Before applying RF-AMF, we calibrated the thermochromic response of each individual dye-labeled ferrofluid sample by measuring the fluorescence intensity of both dyes while varying the temperature using a custom-built temperature-controlled cuvette holder (Fig. 2 a). The sample was cycled three times between a randomly permuted list of five temperatures. Bulk fluid temperature was monitored during this calibration procedure using a 450-μm diameter phosphor thermal probe. Both fluorophores showed a strong linear decrease in fluorescence over the experimental temperature range (Fig. 2, b and c).
Our study of synthetic nanoparticle RF-AMF heating used three distinct magnetic nanoparticle compositions (Fig. 3 a). First, we examined commercially available 12-nm magnetite nanoparticles (core radius: μ = 5.98 nm, σ = 0.636 nm, Fig. S6), which are superparamagnetic and similar in core size to ferritin. Second, we measured the responses of commercial 20-nm iron oxide nanoparticles (core radius: μ = 10.14 nm, σ = 1.073 nm, Fig. S7). This core size is commonly used in radio frequency hyperthermia owing to its significant specific-loss power (22,27). According to the manufacturer, both of these particle types are coated with a 4-nm-thick organic shell comprising a monolayer of oleic acid and a monolayer of amphiphilic polymer. Third, we examined the heating behavior of a ferrofluid containing custom-synthesized 15-nm core-shell nanoparticles (Fig. S5), which have exceptionally high coercivity and heating ability (24).
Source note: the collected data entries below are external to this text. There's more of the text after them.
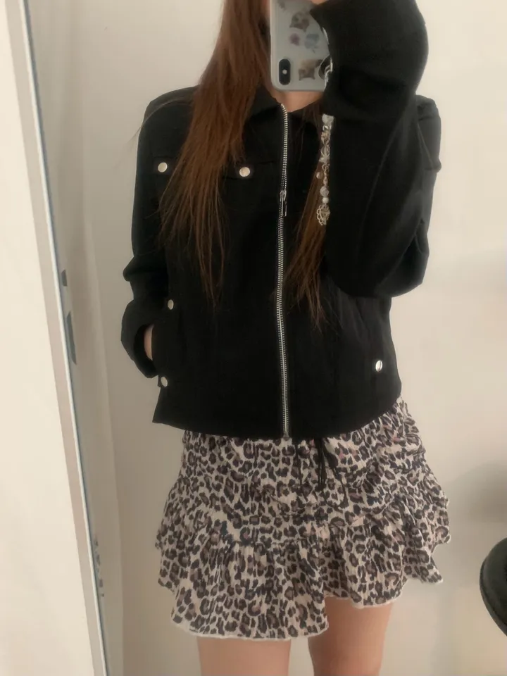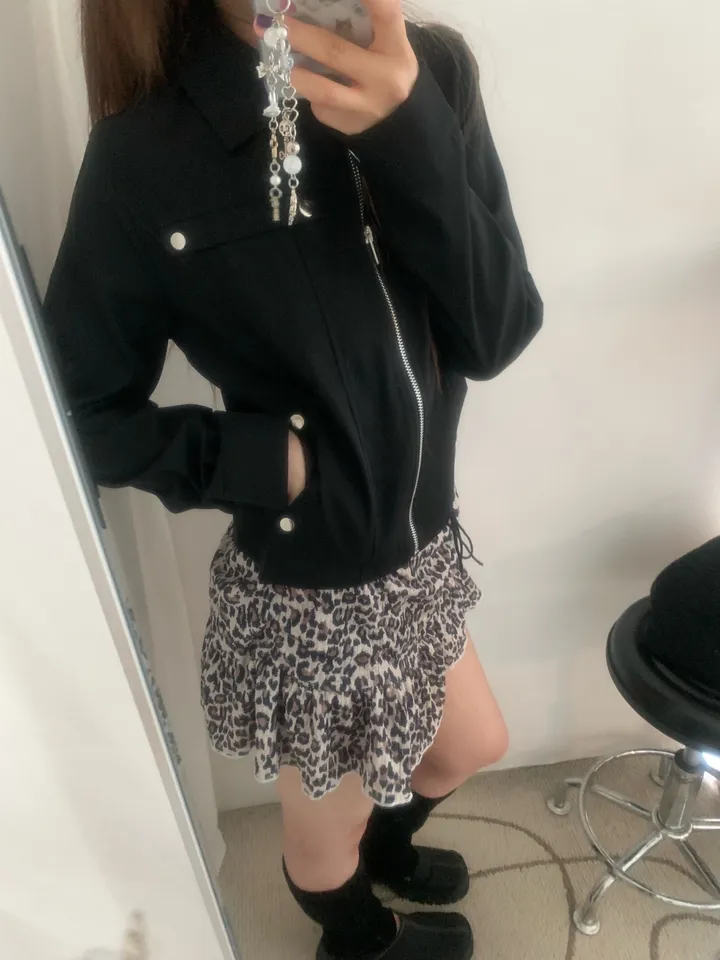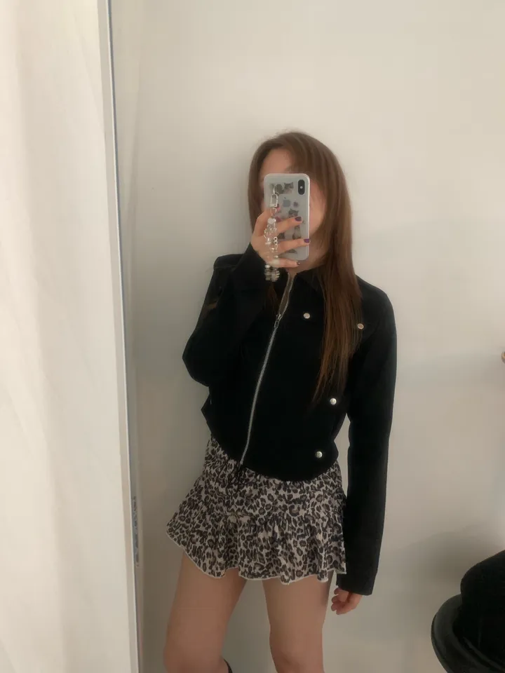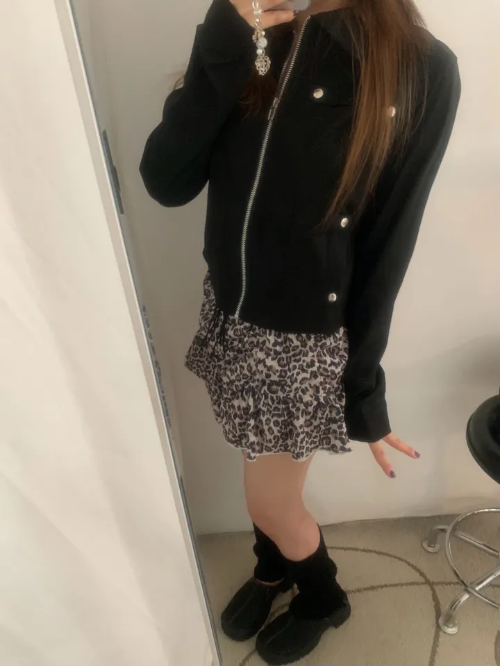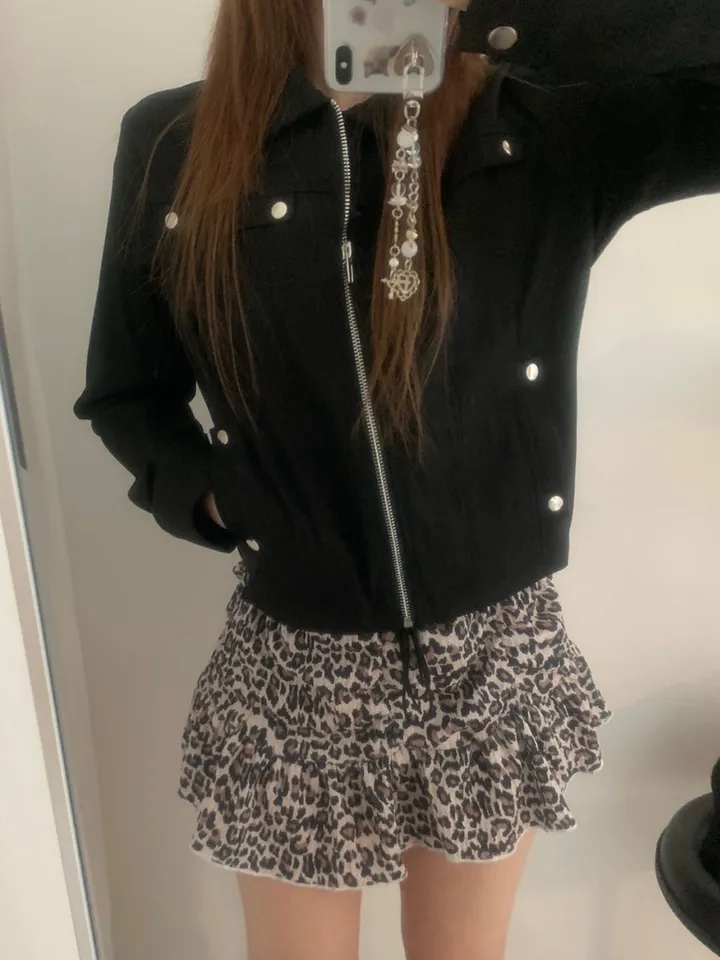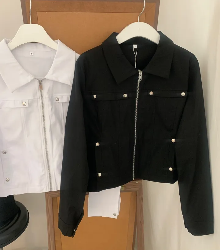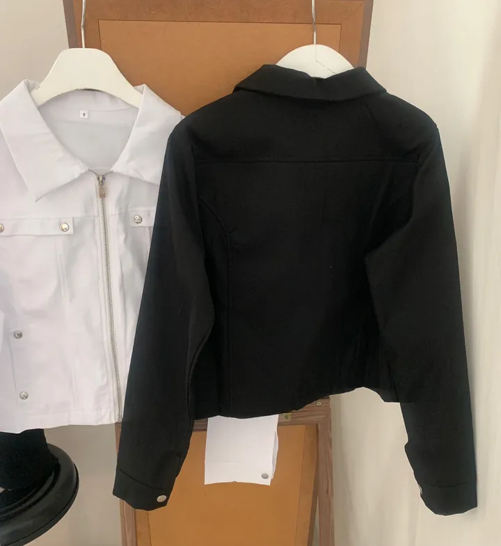 スナップボタンスタッドカラーオープンクロップドジャケット
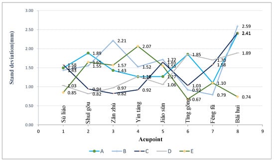 This subsection primarily analyzes the accuracy of this study’s experiment. First, the variability in acupuncture point locations, as reported in Traditional Chinese Medicine studies, is reviewed. Molsberger et al. [] suggested that acupuncture points are not fixed but instead represent areas. In randomized controlled experiments, they recommended a 2-cun (approximately 5 cm) difference between acupuncture points to observe distinct effects, indicating some variability in their placement. Their data also showed that different acupuncturists had a distribution of 11.27 square centimeters when locating GB14 [].
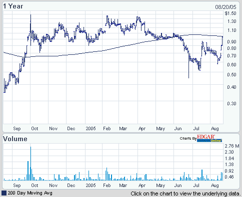 ein Plus von 28,9 Prozent heute in NY. Einge Male wurde bereits die 1,20 $ angekratzt die morgen bestimmt fallen wird. Der Kursverlauf versprich einiges in den nächsten Tagen. Vor allem war heute ein sehr hohes Volumen mit über 4 Mio.Stück, d.h. ca. das 20fache des durchschnittlichen Tagesumsatzes der letzten 3 Monate.
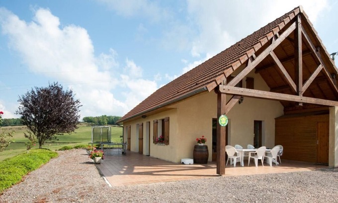 Owner of the neighboring guest house located a stone's throw away, Danièle welcomes you to a beautiful contemporary country villa (dating from 2003) nestled in peace, on the south-east hillside, well exposed, on the edge of a vast circus of meadows (with Aubracs & Charolais as peaceful neighbours) within a mini rural hamlet overlooking the village of Curgy (a listed Romanesque church from the 11th century). Nestled in the heart of the Morvandelle Autunoise countryside, 10 km from the majestic Château de Sully (16th century / listed as MH), one of the most beautiful French private châteaux open to the public, birthplace of Mac Mahon, President of the French Republic, in the hollow of a verdant bocage valley bordering an immense wild forest massif (set of several vast state forests) and the bucolic Drée valley (& its fish-filled river), this small typical village benefits from a soothing unspoilt rural setting of gentle mountains hilly. Spacious comfortable cottage. Warm country character. Large game room nestled under the roof in cabin mode. Large terrace area of 70m² largely sheltered. Pleasant lawned garden with ping-pong table, trampoline & swing. Superb unobstructed view of the surrounding countryside with the Morvan mountains in the background. Access to the owner's exceptional indoor heated swimming pool located 50m away (3.5x9m / shared with her guest room / pool-house with shower-WC). Composition: Detached house neighboring the owner's house (total independence without vis-à-vis). Wireless. Heat pump heating. Ground floor: living room-kitchen-lounge, 3 bedrooms (2 with double bed 140x190cm / 2 single beds 90x190cm) including one with private shower room (shower/WC), bathroom (bathtub/multi-jet shower), separate WC . 1st floor: bedroom (2 single beds 90x190cm), children's playroom/TV, separate WC. Terrace (sheltered and uncovered) + garden + private parking. Shared swimming pool (from May to the end of September). All amenities 9 km.
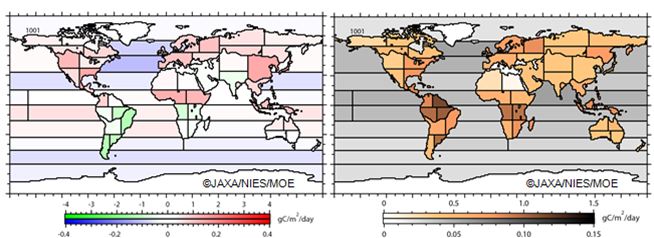 The Three Parties will publicly distribute the monthly estimates of net CO2 fluxes (Note 1) for 64 sub-continental regions from June 2009 to May 2010. These flux values were estimated from the global distribution of CO2 concentration retrieved from GOSAT observational data and ground-based CO2 monitoring data (Note 2), using an atmospheric tracer transport model (Note 3) and a Bayesian inverse modeling scheme (Note 4). Further explanations of the net CO2 flux estimation technique are found in the appendix to this document (attached). As examples, the net CO2 fluxes for July 2009 and January 2010 are presented in Figure 1.
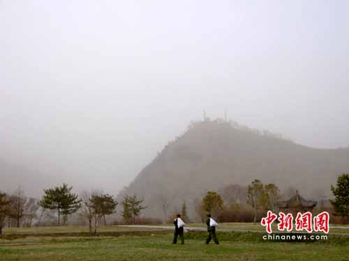 中新网 5月7日电 (高峰毅 焦瑾琦)7日一大早,山西五台山台怀镇遭遇沙尘暴天气,能见度在1000米左右。

These nanoparticles were coated with a 3-nm-thick silica layer. All particles had surface amine groups enabling dye conjugation.
After calibration, we measured the fluorescence of particle-bound and free dye in response to strong RF-AMF produced by a water-cooled gapped ferrite toroid wound with litz wire (Fig. 3 b). This allowed us to apply fields of up to 27 kA/m at frequencies of 420–648 kHz, within the range of common parameters in literature. Samples in shortened 5-mm silica tubes were placed inside a sample housing jacketed by constant airflow to minimize heat transfer from the toroid. We applied RF-AMF stimulation for 20 cycles of 1-min or 30-s duration, with 9 min of rest between cycles to allow the toroid to cool. Samples were tested at different concentrations to ensure sufficient heating of the fluid with small magnetite particles while minimizing particle clustering for larger and more magnetic particles. We performed three trials for each sample with separate nanoparticle batches, and representative results for each particle type are shown in Fig. 3, c–e (additional trials shown in Fig. S2). All three nanoparticle compositions generated significant heat because of RF-AMF. However, in each case, we observed no measurable difference between the temperature of the bulk fluid and the temperature of the nanoparticle surface throughout the experimental time course. This was true for all three particle types despite their different core sizes, shell materials and thickness, and concentration in the fluid. These results suggest that heat transfer from SPIONs follows the classical theory.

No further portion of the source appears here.